I know what you are talking about. The first thing I ever saw them in was a squirrel. They look like a great big worm and I never flipped one out to take a good look. Seems like a lot more in Eastern KY and Southern WV in the last 10 yrs or so. Not that many people hunt anymore and lots more game than when I was a kid. I don't know anyone in KY that hunts them now. Way, Way back when I was always told to never shoot one sitting or didn't run like crazy from a dog. If you find out for sure PM me and let me know, I'm curious why they have been around over 100 yrs that I was told.
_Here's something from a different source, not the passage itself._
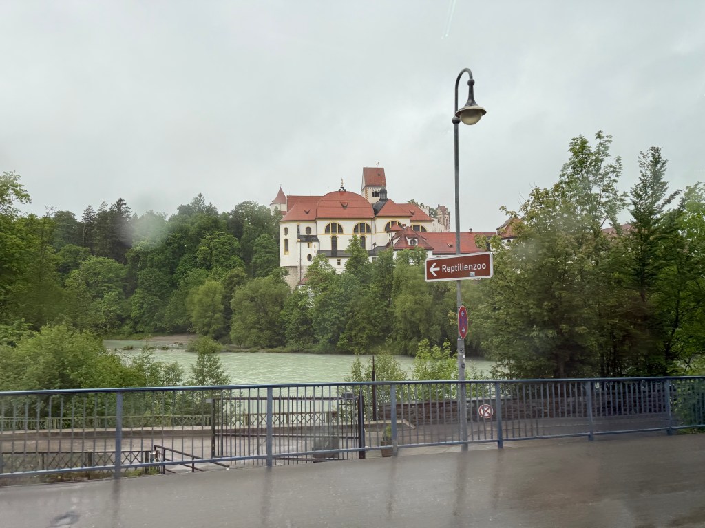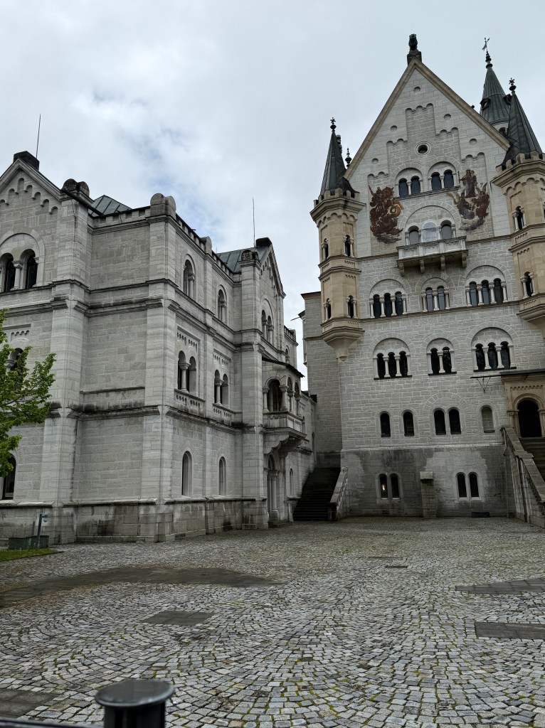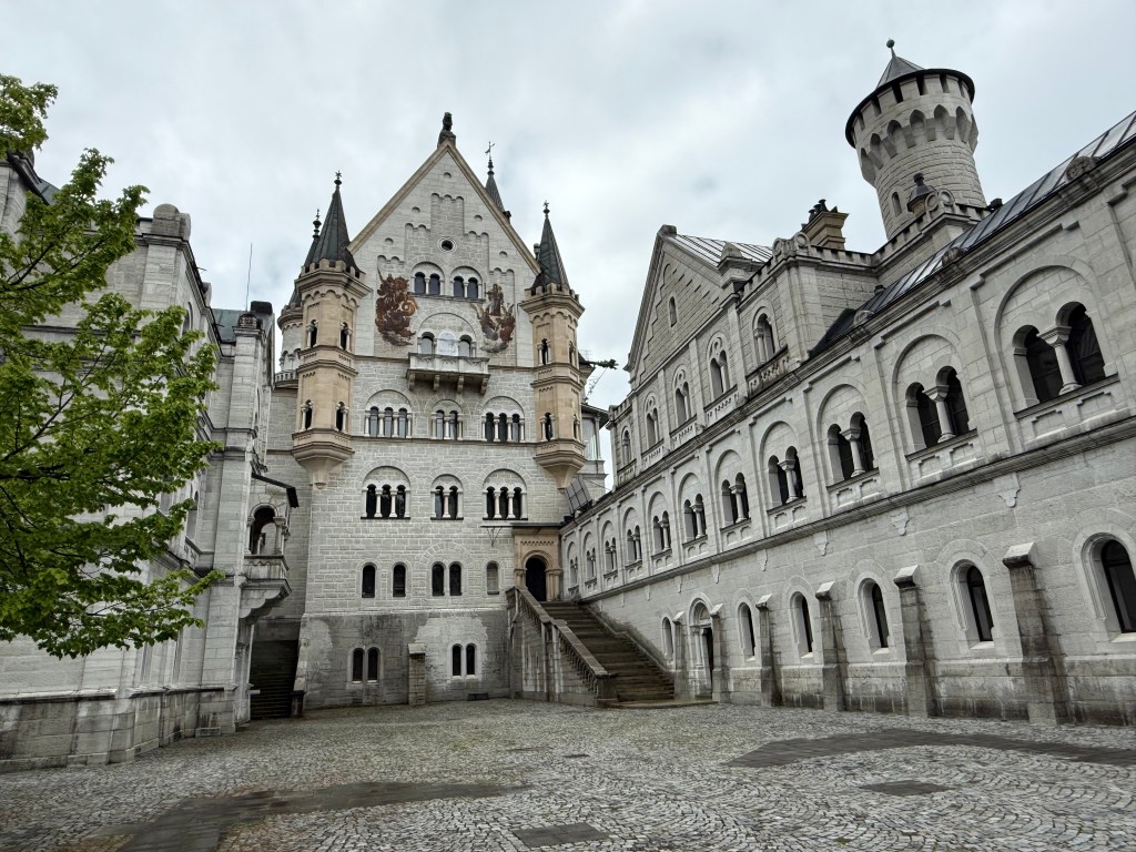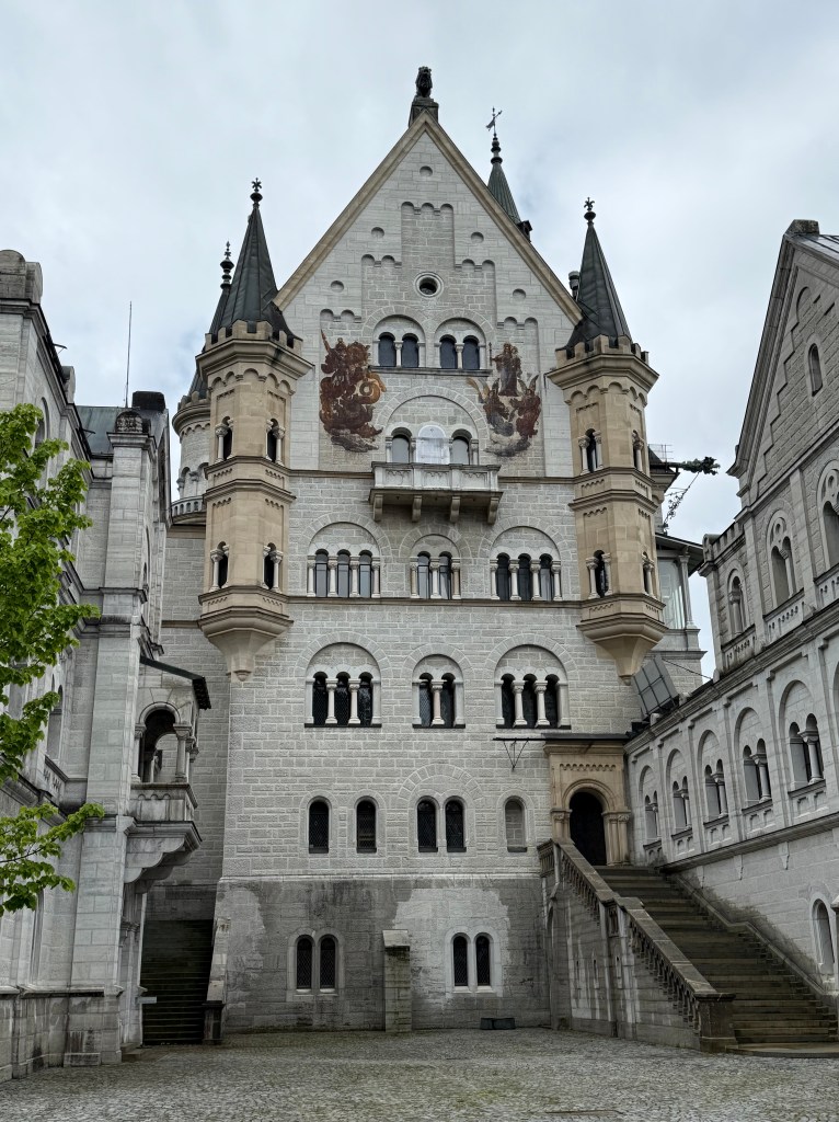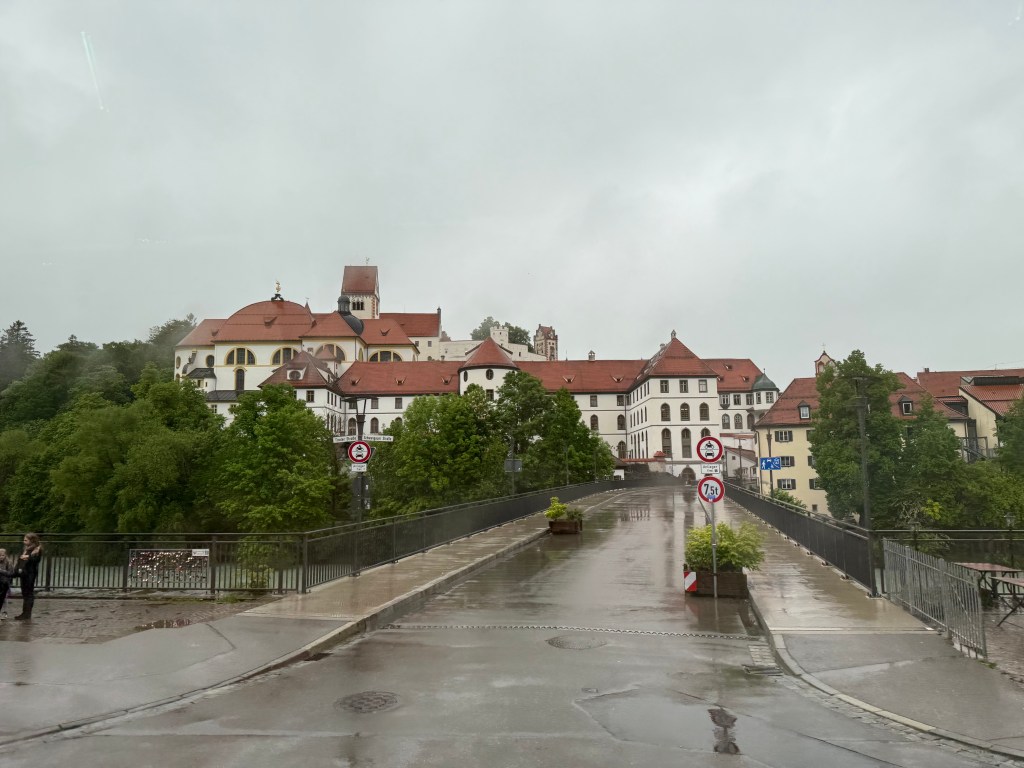 The drive was short and we made it to the castle but the rain was coming down pretty hard. We opted for a bus ride to the top. The views were spectacular of the castle, the forest, the mountains and the valley below. We had a timed ticket for 12:05 and we e early so we had a cappuccino first in a souvenir mug for 5 euros. The rain stop before we entered the castle. The castle was a vanity project for King Ludwig and he used it briefly as a vacation home before he died in 1886. There are many unfinished rooms but the ones that were completed were quite grandiose. Beautiful but a little over the top. It reminded us of Hearst Castle in California but the location and the dramatic spires were awe inspiring.
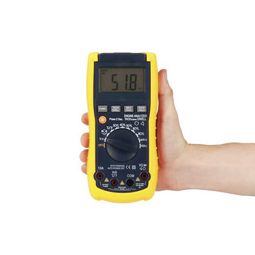 Perfetto per il workshop come analizzatore di un motore e DMM di base. Misurazione angolare di dimora completa e tachio, con mantenimento massimo / dati e luminoso LCD retroilluminato.

I wouldn't even bother to clean them.

----------


## Ryleyboy

i never thought of eating muskrat. i always trap them and just take there fur . and then feed the meat to the coyotes but mabye i will try to eat it. how do you recommend i cook it.

----------


## canid

try stewing them, roasting them, etc.

basically i find you get the best texture out of anything that you cook whole and that has small appendages if you do it in a way that keeps them from drying out to much. this can be as simple as tying them before roasting, as you might do with fowl, to cooking them in their broth or a stew.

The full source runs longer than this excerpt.